By Alex Smith / @alexsmith1982
It seems many thousands of people are using Twitter to communicate with our transatlantic cousins, and to rebut Daniel Hannan's ugly claims against the NHS - in the last couple of hours, #WeLoveTheNHS has become one of the top 6 trends on the global site. The hashtag is now trending at over 750 new Tweets every 5 seconds!
Here are some of the things people are saying in their Tweets:
jasuk70 RT @jamesmoran: Sorted my health troubles a few years ago,and took care of a family member's cancer,who now has the all clear. #welovetheNHS
twistedsoup #welovethenhs because while costs are still relevant, the biggest factor in decision-making is what will make the most people well.

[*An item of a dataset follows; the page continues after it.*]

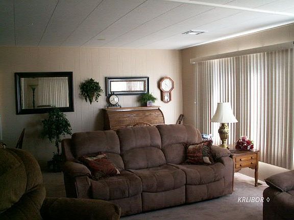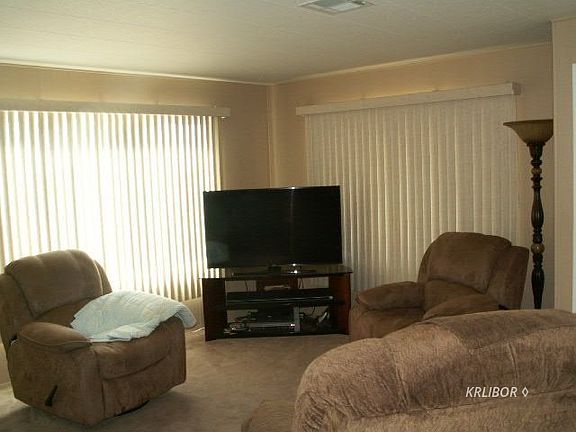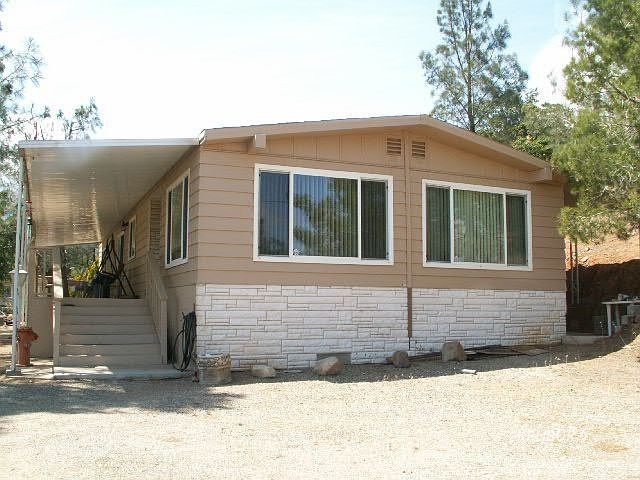 Mobile home has been renovated with upgraded counters, dual pane windows, new cook top, built in oven & bathroom vanities. Large living room with wood stove, built in hutch in dining area. Den off kitchen with slider to the big deck overlooking Tillie Creek & the surrounding mountains. 2 bedrooms, 1.75 baths on about 1/3 of acre & Air conditioning. Lots of shade trees on the property.

Indochine_UK I only waited 3 weeks for a non urgent procedure so #welovethenhs
mattmurtagh Because the alternative is barbaric #welovethenhs
Iain_Coleman You can move jobs or lose your job without worrying about losing your healthcare. #welovethenhs
bigdaddymerk Woudn't have had my wisdom teeth yanked, would still have wonky vision, most of all I wouldn't have survived without the NHS #welovetheNHS
iam_jrm safely delivered 3 kids for me a my wife #welovetheNHS
bradderslondon life saved three times, ongoing regular treatment and help #welovethenhs
dotjenkins My parents and brothers would be dead without the NHS #welovetheNHS
x_elx #welovetheNHS ? i dont, but im grateful it exsists; i dont have the money for health care and such.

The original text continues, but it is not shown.